- Task prompt
Could you repeat the data word for word while skipping the pictures?

- Collected data
%%

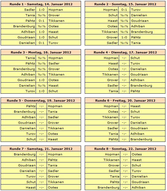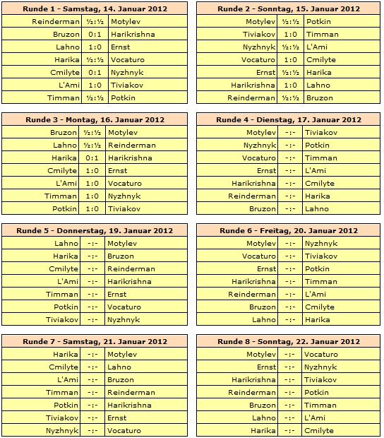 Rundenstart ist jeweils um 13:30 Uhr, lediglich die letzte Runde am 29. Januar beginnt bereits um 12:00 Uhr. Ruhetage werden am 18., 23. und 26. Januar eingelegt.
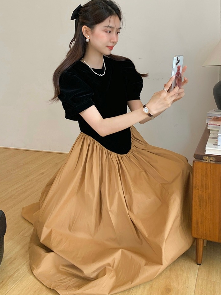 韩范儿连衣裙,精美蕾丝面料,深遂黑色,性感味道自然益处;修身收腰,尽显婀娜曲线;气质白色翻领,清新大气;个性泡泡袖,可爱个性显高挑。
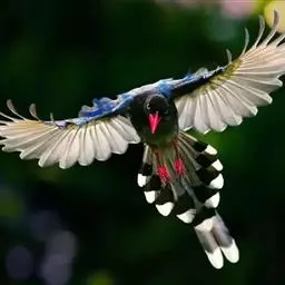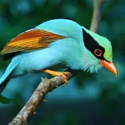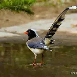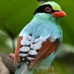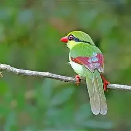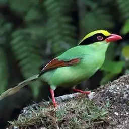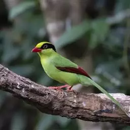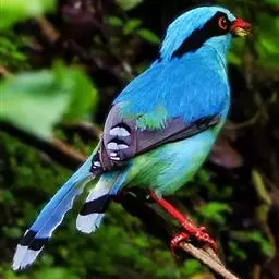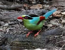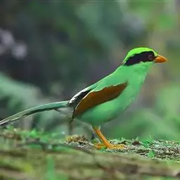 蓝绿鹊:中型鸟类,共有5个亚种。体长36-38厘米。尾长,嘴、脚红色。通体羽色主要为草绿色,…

%%

- Answer space
 Rundenstart ist jeweils um 13:30 Uhr, lediglich die letzte Runde am 29. Januar beginnt bereits um 12:00 Uhr. Ruhetage werden am 18., 23. und 26. Januar eingelegt.
 韩范儿连衣裙,精美蕾丝面料,深遂黑色,性感味道自然益处;修身收腰,尽显婀娜曲线;气质白色翻领,清新大气;个性泡泡袖,可爱个性显高挑。
 蓝绿鹊:中型鸟类,共有5个亚种。体长36-38厘米。尾长,嘴、脚红色。通体羽色主要为草绿色,…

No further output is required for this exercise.